Everyone’s talking about it: the POOP TRANSPLANT

By now I’m sure you have heard about poop transplants, officially called “fecal microbiota transplantation” or FMT. At first, you may have been completely grossed out or confused or perhaps intrigued… is this real? Does it work? And why would anyone go through this? Let’s answer some of the FAQs since one day soon... poop transplant will likely be a standard therapeutic option!

http://www.nature.com/articles/nrgastro.2011.244

http://www.nature.com/articles/nrgastro.2011.244

 

When would one consider fecal transplant?

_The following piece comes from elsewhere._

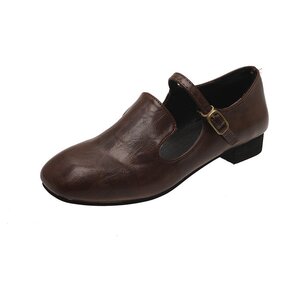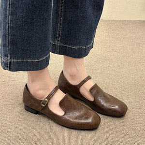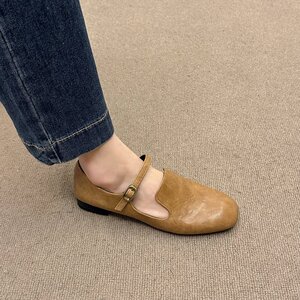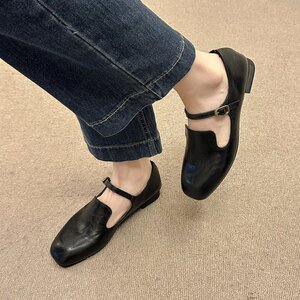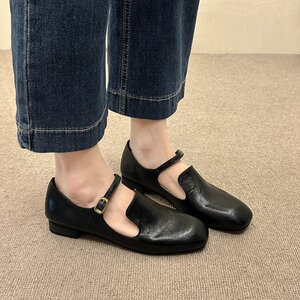レトロなソフトレザーの黒のメリージェーンシューズ、レディース、トレンディなワンラインバックル、ソフトレザー、ローヒール、ラウンドトゥ、カジュアルで万能な浅口シューズ
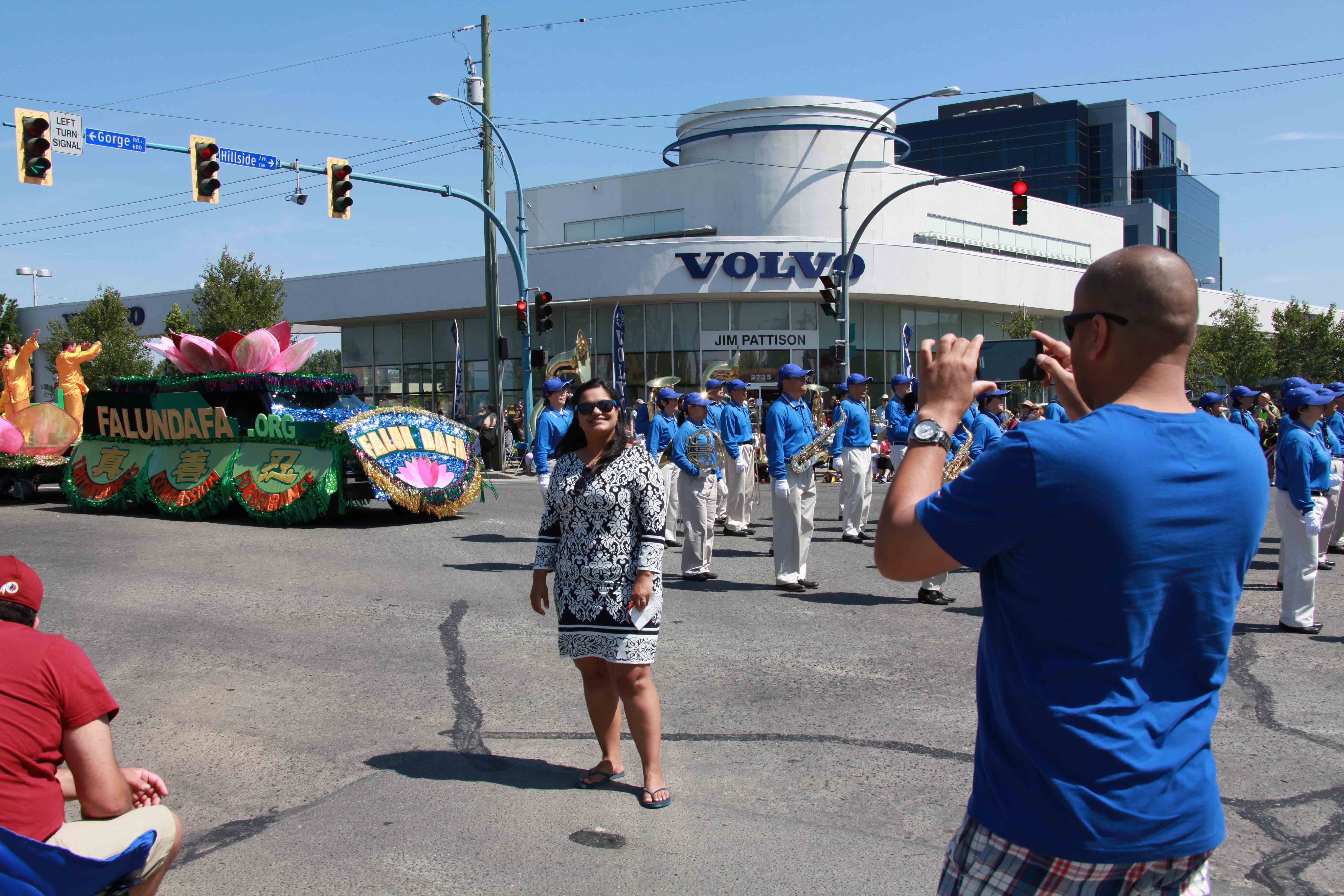 陈女士是新移民来加拿大才三年,她和儿子特意从温哥华坐船来维多利亚市看游行,陈女士对着法轮功学员的队伍鼓掌,她表示,游行很热闹很棒,她每年都来看,游行很活泼,陈女士表示:“炼法轮功是合法的,法轮功学员的队伍很好哇,很好哇,我就是这感觉。”

The only appropriate indication at this time is in patients with severe and recurrent C. difficile infection who have failed multiple attempts at conventional antibiotic therapy.

But in the future, fecal transplant may be used in any diseases associated with alterations in the gut microbiome including:

IBS (irritable bowel syndrome): reduced microbial diversity + decreased Bacteriodetes

- IBD (inflammatory bowel disease): Reduced microbial diversity

http://www.gastrojournal.org/article/S0016-5085(13)01279-1/pdf

http://www.gastrojournal.org/article/S0016-5085(13)01279-1/pdf

- Obesity, metabolic syndrome, insulin resistance: Reversed Firmicutes:Bacteroides ratio

- Autoimmune disease (multiple sclerosis, idiopathic thrombocytopenic purpura)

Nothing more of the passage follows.